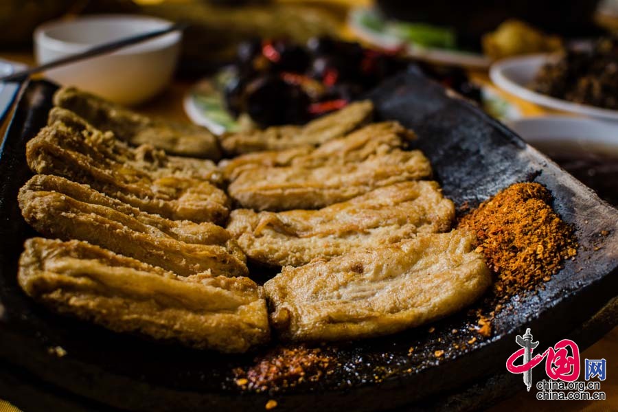 臭豆腐,听过长沙臭豆腐、绍兴臭豆腐,原来咱们呈贡也有臭豆腐。板瓦臭豆腐就是本地臭豆腐放在板瓦上烧着吃。所用的瓦片是专门用来做容器的,不是房上揭块瓦下来就行。臭豆腐熟了以后旁边放上干辣椒面就可以蘸着吃。板瓦呈贡臭豆腐质地软滑,散发异香,真乃“味之有余美,玉食勿与传”。
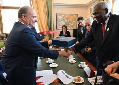 Глава кубинской парламентской делегации Ласо Эрнандес поблагодарил руководство КПРФ за активную помощь в рамках межпартийного и международного сотрудничества между Россией и Кубой. Он также рассказал о непростой экономической ситуации на своем острове, вызванной внешними экономическими санкциями.
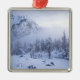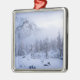 Winter wonderland, fog, spruce forest and mountain metal tree decoration

Prompt: Every line of the material above must be written out exactly, with no pictures.

Solution for this exercise:
 臭豆腐,听过长沙臭豆腐、绍兴臭豆腐,原来咱们呈贡也有臭豆腐。板瓦臭豆腐就是本地臭豆腐放在板瓦上烧着吃。所用的瓦片是专门用来做容器的,不是房上揭块瓦下来就行。臭豆腐熟了以后旁边放上干辣椒面就可以蘸着吃。板瓦呈贡臭豆腐质地软滑,散发异香,真乃“味之有余美,玉食勿与传”。
 Глава кубинской парламентской делегации Ласо Эрнандес поблагодарил руководство КПРФ за активную помощь в рамках межпартийного и международного сотрудничества между Россией и Кубой. Он также рассказал о непростой экономической ситуации на своем острове, вызванной внешними экономическими санкциями.
 Winter wonderland, fog, spruce forest and mountain metal tree decoration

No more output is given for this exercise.